Я понимал: это не игрушки, это подполье. Однажды я сказал себе — да, и душа взмыла, отстегнув балласт. Наверное, те же чувства испытывала и Алла Гербер, с которой мы брели однажды по Москве и — где полунамеками, а где и без них, — обменивались нашими воззрениями на окружающую действительность. Не помню, может быть, мы вышли из одного подъезда, где жил Горбинский, а может быть, она не была в курсе его фантастических идей, но мы говорили именно о них, и я кожей чувствовал, что рядом со мною мой человек, одной дороги. Умная и смелая, Алла, как и я, задыхалась в пеленках советской журналистики.
Так, из уст в уста, от сердца к сердцу, мы обрастали друзьями.
Словом, Ильенков обещал подумать. Но первая ласточка была уже в «библиотеке»: Отто Лацис переправил из Праги, где работал, свой «Год Великого перелома». Рем снабдил рукопись редакторским комментарием, а я раздобыл пачку тончайшей папиросной бумаги и искал надежную машинистку.
Поиски затягивались.
Наконец Рему надоело ждать и он, не сказав ни мне, ни Фоме Лямкину ни слова, отдал рукопись своей знакомой.
Это произошло десять дней назад. И вот теперь я сидел на Лубянке и, глотая слюну, ждал очередного вызова.
За окном давно почернело. Разговор тек вяло, лениво, в тягость для обоих. Иногда я как бы засыпал, не слышал, что мне говорят, а если и слышал — не отвечал, смотрел в стену и молчал.
Следователь, как автомат, спрашивал, призывал. Если он повышал голос, тогда и я взрывался, требовал, чтобы дали позвонить жене. И неожиданно затихал, съеживался и смотрел в сторону.
Я понимал: чекисту все ясно. Чего же хочет? Убеждает, уговаривает. Хочет, чтобы я сам вынес себе приговор. Сам все рассказал. А потом попросят изложить письменно и поставить подпись. Потому что в столе только доносы стукачей и магнитофонная пленка шостскинского завода, агентурные данные, а их к партийному делу не пришьешь и в суд не представишь.

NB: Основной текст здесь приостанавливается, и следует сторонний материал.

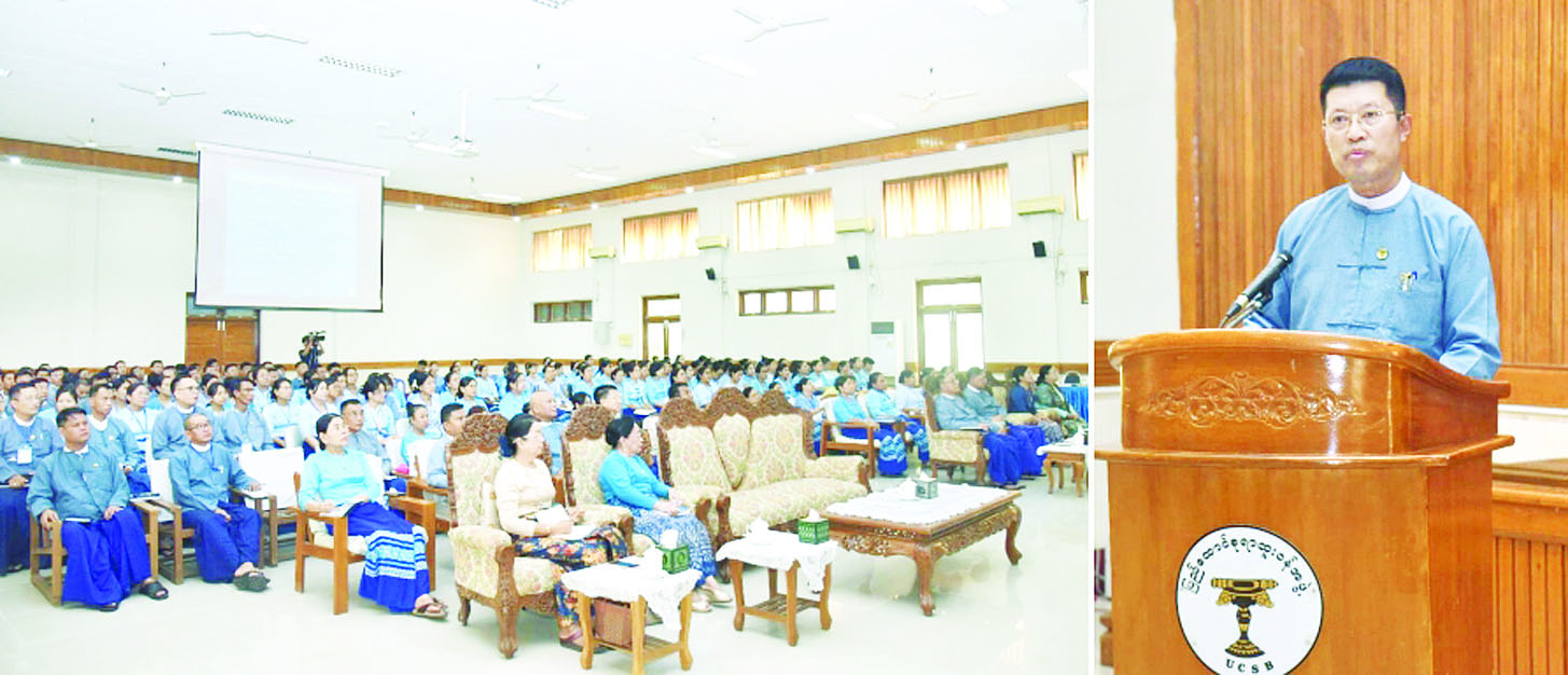 ဦးစွာ ပြည်ထောင်စုရာထူးဝန်အဖွဲ့ဥက္ကဋ္ဌ ဦးတင်မောင်ဝင်းက နိုင်ငံ့ဝန်ထမ်းများအနေဖြင့် နိုင်ငံတော်သမ္မတ၏ မိန့်ခွန်းတွင်ပါရှိသော လမ်းညွှန်မှာကြားချက်များကို အလေးအနက်ထား အကောင်အထည်ဖော် ဆောင်ရွက်ရမည်ဖြစ်ပါ ကြောင်း၊ ပြည်ထောင်စု ရာထူးဝန်အဖွဲ့သည် ဝန်ထမ်း ကောင်းမှ နိုင်ငံကောင်းမည်ဆို သည့် ဆောင်ပုဒ်နှင့်အညီ အရည် အချင်းပြည့်ဝသော နိုင်ငံ့ဝန်ထမ်းများ ဖြစ်လာစေရန် စနစ်တကျ ရွေးချယ်ပေးခြင်း၊ လေ့ကျင့်သင်တန်းပေးခြင်း၊ နိုင်ငံ့ဝန်ထမ်း ဥပဒေ၊ နိုင်ငံ့ဝန်ထမ်းနည်းဥပဒေများ၊ နိုင်ငံ့ဝန်ထမ်းကျင့်ဝတ်နှင့် စံတန်ဖိုးများကို စိမ့်ဝင်စေ၍ ခံယူချက် စိတ်ဓာတ်မြင့်မားစေရန် ဆောင်ရွက်ပေးခြင်းနှင့် ဝန်ထမ်းအဖွဲ့အစည်းအသီးသီးမှ ဝန်ထမ်း ရေးရာစီမံခန့်ခွဲမှု ကိစ္စများနှင့် ပတ်သက်၍ သဘောထားမှတ်ချက် ပြန်ကြားခြင်းတို့ကို တာဝန်ယူဆောင်ရွက်ရသော နိုင်ငံ့ဝန်ထမ်း အဖွဲ့အစည်းတစ်ခု ဖြစ်ပါကြောင်း၊ နိုင်ငံ့ဝန်ထမ်း အဖွဲ့အစည်းများသည် နိုင်ငံတည်ရှိသရွေ့ ထာဝရရှိနေရမည်ဖြစ်သည့်အတွက် ပြည်ထောင်စုရာထူးဝန်အဖွဲ့နှင့် မြန်မာနိုင်ငံ ဝန်ထမ်းအဖွဲ့အစည်းများရှိ နိုင်ငံ့ဝန်ထမ်းများသည် ကဏ္ဍအလိုက်၊ အဆင့်အလိုက် လုပ်ငန်းများစဉ်ဆက်မပြတ် မှန်မှန်ကန်ကန် လုပ်ဆောင်ပြီး နိုင်ငံ့အကျိုးကိုရှေးရှု၍ အမျိုးသား အကျိုးစီးပွားကို မြှင့်တင်ကြိုးစားဆောင်ရွက်လျက် ရှိပါကြောင်း။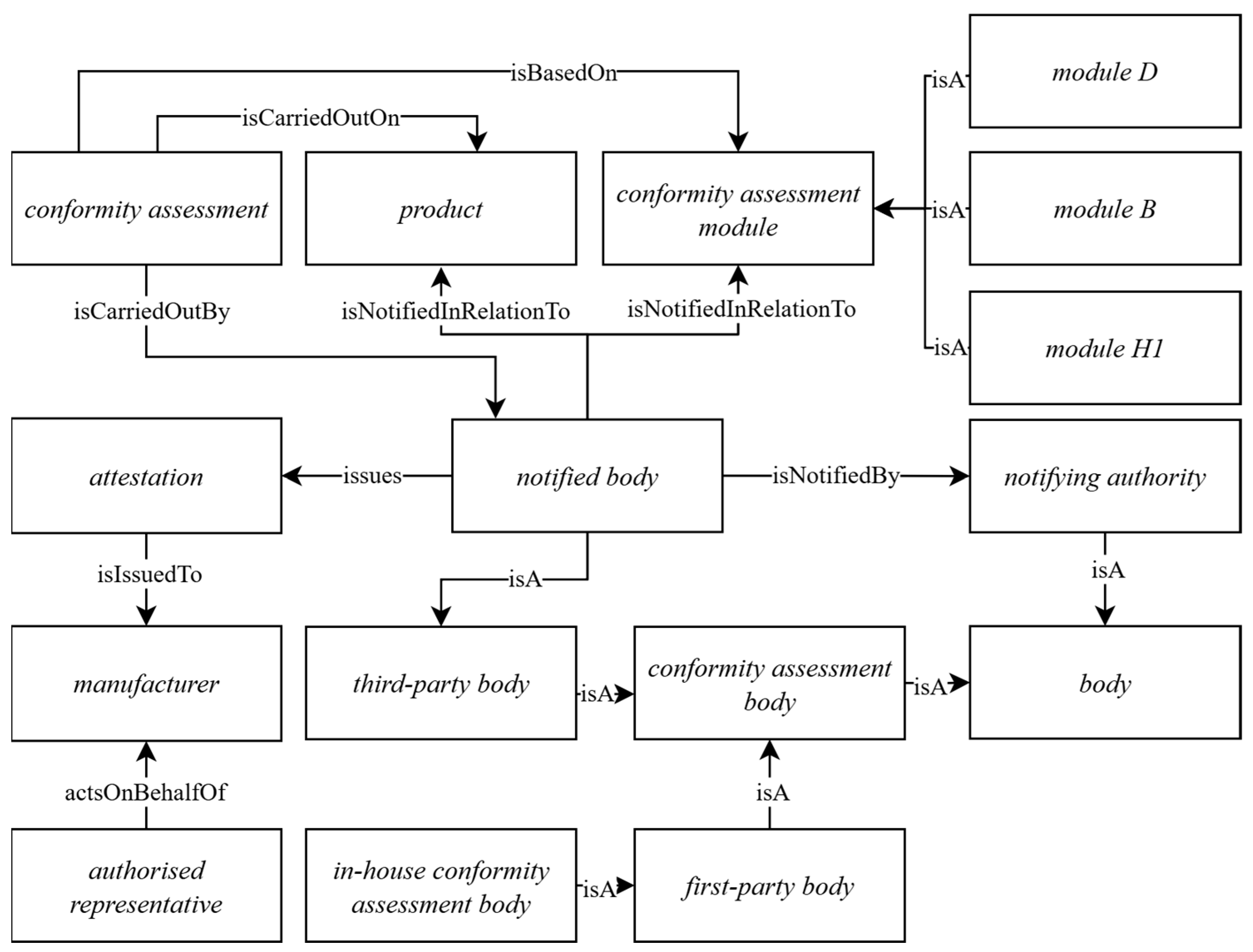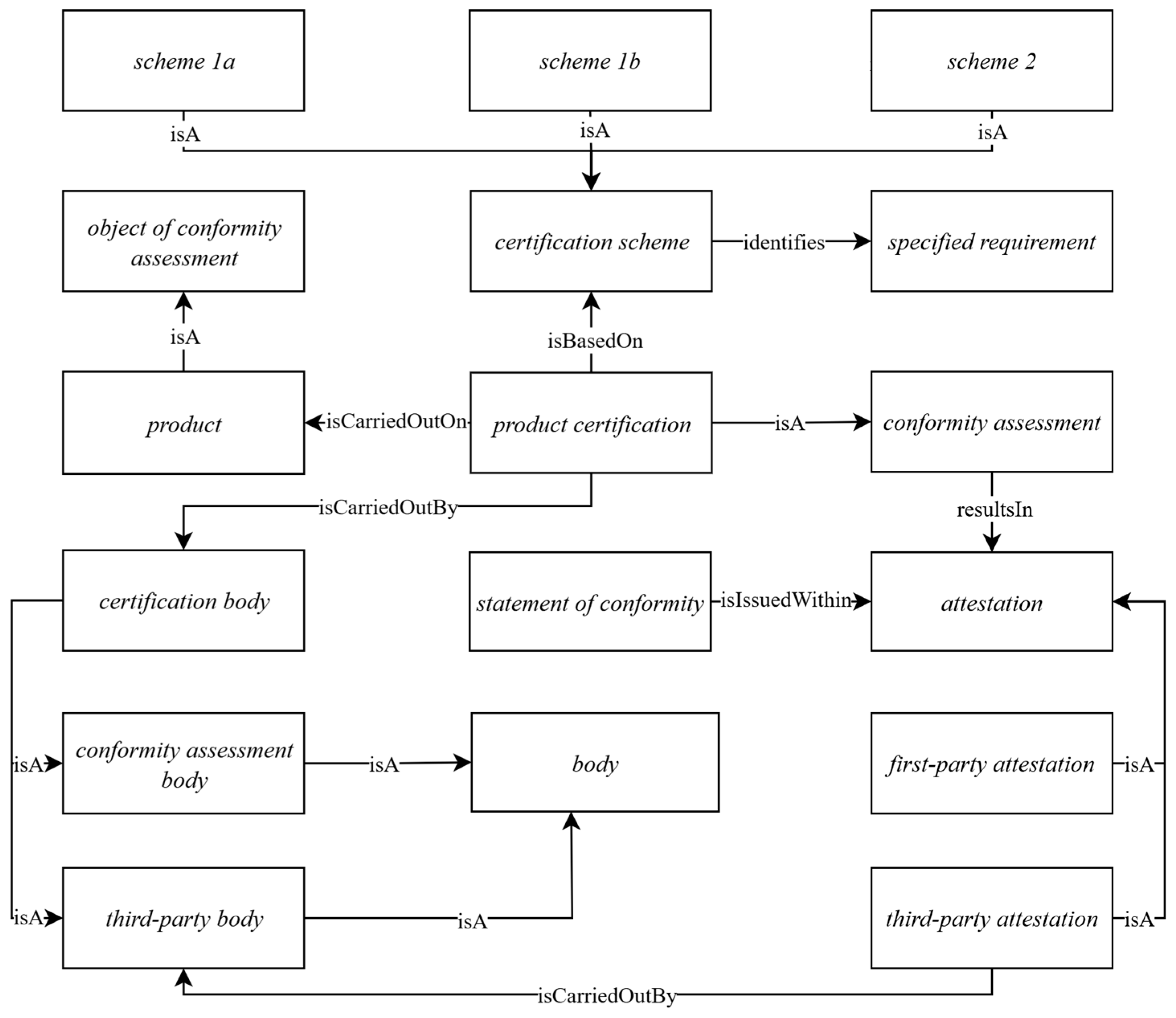 9] intended to provide a common understanding of the product-related EU rules and its implementation rules within the NLF. Thus, the principle of conformity assessment in the legally regulated area is based on legislation and standardization. It is therefore of great importance to consider both fields in semantic analysis. The following Sections present terminology systems that provide basic terminological knowledge from both fields with a focus on a conformity assessment type of product certification.

Потому и бубнит: «Посоветоваться, посоветоваться».
И вдруг гэбист вскочил, как подкинутый пружиной, и вытаращил глаза, глядя не на меня, а мимо — на дверь. Руки по швам.
Я оглянулся.
В дверь вошел человек с узким черепом, будто его стиснули вагонными буферами, бледный, с надменным лицом-маской.
Это был генерал-лейтенант КГБ Филипп Денисович Бобков, шеф идеологического управления.
Я тогда этого, естественно, не знал, сидел и ждал, что будет, не понимая, отчего это мой «Николаич» так встрепенулся.
— Ну что? — спросил генерал.
— Да всё на отбой. Не желает себе помочь.
— Ну, раз не желает, ему же хуже.
На меня Бобков не взглянул, не удостоил даже поворота головы в мою сторону.
— Вот говорит: из-за нас в кино опоздал, на «Солярис», — брякнул вдруг Иван Николаевич.
— Ну, это мы выясним, какой солярис-полярис, — сердито произнес Филипп Денисович.
Только тут я заметил, что вошедший принес с собой папку для бумаг, держал ее в руке, а теперь раскрыл, глянул в листок и впервые обратился непосредственно ко мне.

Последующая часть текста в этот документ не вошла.